With total consolidated assets of $35 billion USD at the end of 2020, this commercial banking organization feeds large volumes of data in compressed parquet format via a third-party tool into its AWS S3 buckets.
The bank needed the capability to identify sensitive information in the specific parquet file formats, remediate any false-positives, and mask actual sensitive data in a way that preserved the format of the original data. Also required was a fully automated flow for the workflow that could be applied to any new data feeds coming in from the AWS S3 bucket.
The bank deployed PK Protect in their AWS environments with a custom policy set up to define the required sensitive data. PKWARE leveraged EMR Cluster for running MR jobs so that discovery could be performed on large scales, and bulk remediation was provided via an automated utility. The PKWARE team also provided S3 Orchestrator, which gave the capability to segregate the scanning and masking task based on task size for any given S3 bucket folder.

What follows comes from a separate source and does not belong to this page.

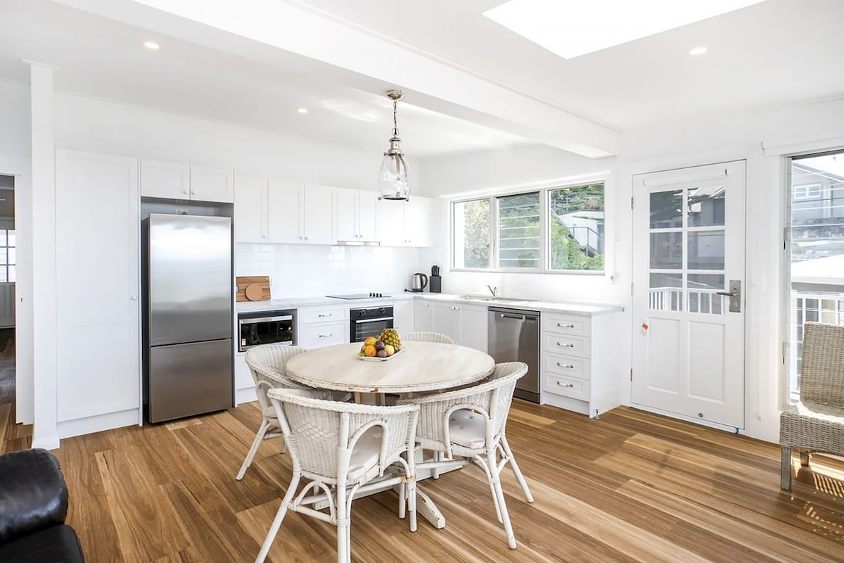 Indlu ye-quintessential weatherboard beach, enemibono yokufela, ukuphumula lapho ufika. Ukukhanya okugcwele futhi kuhlotshiswe ngesitayela esinethezekile, esogwini, indlwana ihlotshiswe kahle ngokubukwa kwamanzi kuzo zonke izindawo zomphakathi. Ilungele imindeni Indlwana isendaweni eyodwa ngakho ungahamba kalula usuka endlini uya emphemeni. Indawo, indawo enhle nendawo yangaphandle ihlukile kakhulu.# Cliff Avenue Mollymook Beach, ku-Bannisters Head. Silandele ku- @thecottagemollymook

After standing up PK Protect, the commercial banking organization had access to an automated script to read new feeds from DynamoDB Tables and perform automated masking as required. PK Protect also generated reports after every run, comprised of complete information regarding the number of files submitted for masking and the number of files successfully masked. PK Protect enabled the consumer banking organization to scan and mask sensitive data in their AWS environments in a timely manner.